INFORMATION SHOWN:
- Opening Delimiter -

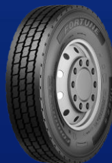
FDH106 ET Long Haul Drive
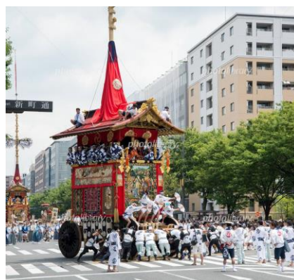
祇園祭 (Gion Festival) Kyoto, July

- Closing Delimiter -
- Opening Delimiter -

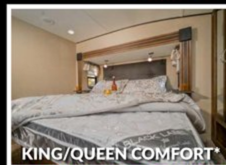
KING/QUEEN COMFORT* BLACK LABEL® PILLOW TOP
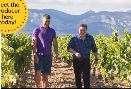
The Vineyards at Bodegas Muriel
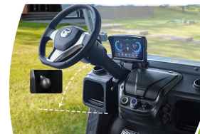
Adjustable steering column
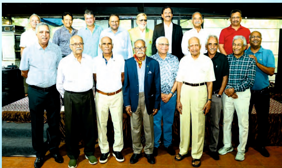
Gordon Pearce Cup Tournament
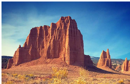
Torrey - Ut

- Closing Delimiter -
- Opening Delimiter -

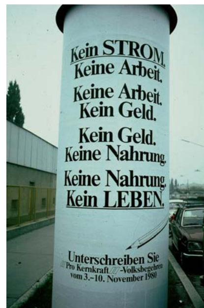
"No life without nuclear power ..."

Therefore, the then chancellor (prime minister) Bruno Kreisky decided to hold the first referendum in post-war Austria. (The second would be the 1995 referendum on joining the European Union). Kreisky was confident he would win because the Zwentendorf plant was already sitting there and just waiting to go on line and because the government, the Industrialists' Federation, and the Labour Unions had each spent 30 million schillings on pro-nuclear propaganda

- Closing Delimiter -

EXERCISE:
What is the number of lines in the data that hold the word "nuclear"? Reply with that number and nothing else.

SOLUTION BELOW:
2